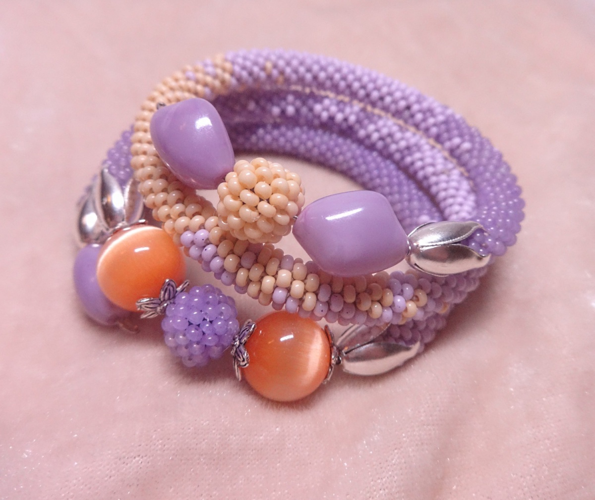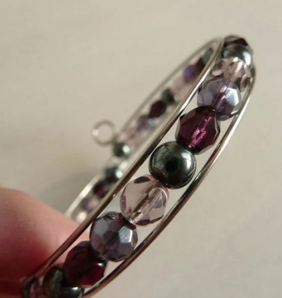 Чтобы придать нужную форму бижутерной сетке либо сплетенному из бисера жгуту, их нанизывают на мемори-проволоку. На концах таких широких браслетов устанавливают декоративные концевики.
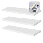 Kit 3 Prateleiras Lisa 50x20cm Suporte invisível Mdf Reta Branco De Parede Livro Organizadora Cozinha Quarto
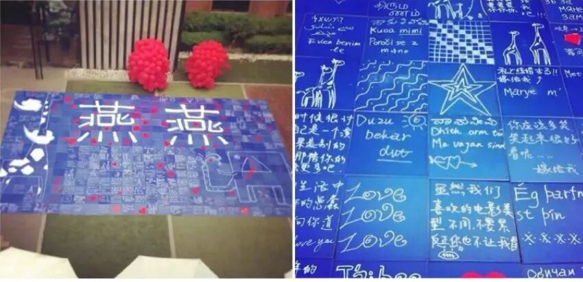 杜江生怕霍思燕觉得是因为自己怀孕才娶她的,于是求婚前杜江特意准备了很久,做了一面爱墙。在这片蓝色瓷砖上写下各种语言的“我爱你”。
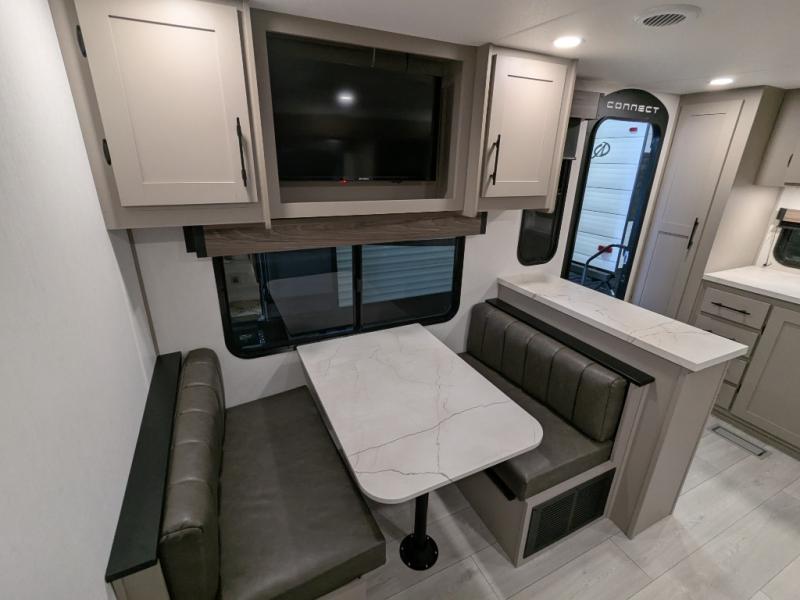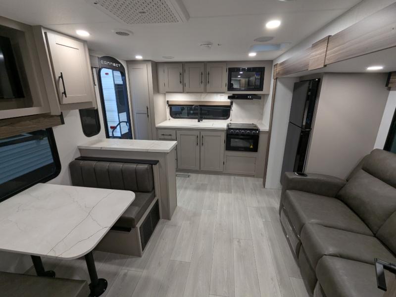 Each Connect SE travel trailer by KZ includes an NXG frame, which is a high quality, highly engineered frame that provides a lightweight yet strong foundation for your RV. The Climate package provides added insulation to extend your camping season year-round with a fully enclosed, insulated and heated underbelly to protect the tanks and pipes. Some top features include the 17-inch range with illuminated control knobs, the seamless countertops with a deep undermount stainless steel kitchen sink including a sink cover for added countertop space, and a black high-rise faucet. You will also enjoy the KZ Engage that is powered by OneControl to monitor and control the battery levels, the slide(s), the leveling system, the awning(s), plus the inside and outside lighting. Choose your favorite today!
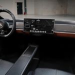 Notranjost električnega kupeja je pričakovano minimalistična, brez kakršnih gumbov in ogromnim sredinskim zaslonom, privlačna podrobnost so usnjeni trakovi namesto kljuk vrat. Zadaj bo nameščena kompaktna potniška klop, ki pa bo zaradi pomanjkanja prostora bolj služila kot odložišče nakupovalnih vrečk.
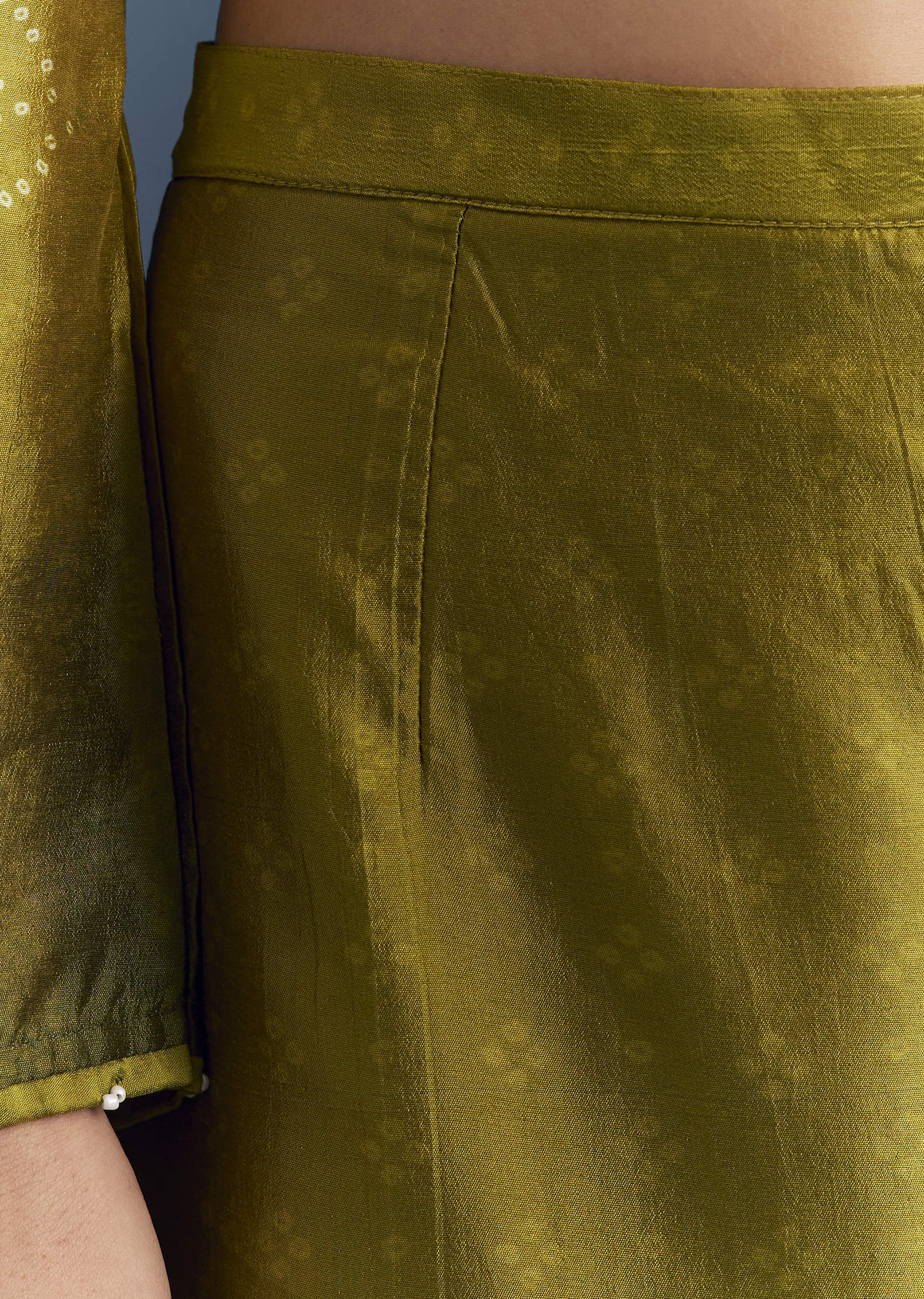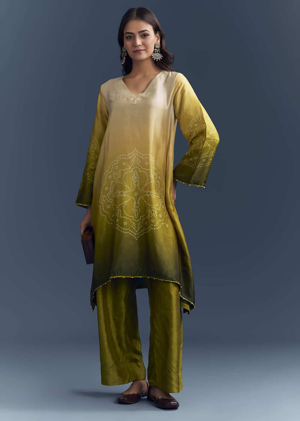 Green Ombre Satin Bandhani Co Ord Set With Moti Work

____________________

> WORK ITEM:
Could the listing above be printed again in full, with every picture omitted?

> TASK RESPONSE:
 Чтобы придать нужную форму бижутерной сетке либо сплетенному из бисера жгуту, их нанизывают на мемори-проволоку. На концах таких широких браслетов устанавливают декоративные концевики.
 Kit 3 Prateleiras Lisa 50x20cm Suporte invisível Mdf Reta Branco De Parede Livro Organizadora Cozinha Quarto
 杜江生怕霍思燕觉得是因为自己怀孕才娶她的,于是求婚前杜江特意准备了很久,做了一面爱墙。在这片蓝色瓷砖上写下各种语言的“我爱你”。
 Each Connect SE travel trailer by KZ includes an NXG frame, which is a high quality, highly engineered frame that provides a lightweight yet strong foundation for your RV. The Climate package provides added insulation to extend your camping season year-round with a fully enclosed, insulated and heated underbelly to protect the tanks and pipes. Some top features include the 17-inch range with illuminated control knobs, the seamless countertops with a deep undermount stainless steel kitchen sink including a sink cover for added countertop space, and a black high-rise faucet. You will also enjoy the KZ Engage that is powered by OneControl to monitor and control the battery levels, the slide(s), the leveling system, the awning(s), plus the inside and outside lighting. Choose your favorite today!
 Notranjost električnega kupeja je pričakovano minimalistična, brez kakršnih gumbov in ogromnim sredinskim zaslonom, privlačna podrobnost so usnjeni trakovi namesto kljuk vrat. Zadaj bo nameščena kompaktna potniška klop, ki pa bo zaradi pomanjkanja prostora bolj služila kot odložišče nakupovalnih vrečk.
 Green Ombre Satin Bandhani Co Ord Set With Moti Work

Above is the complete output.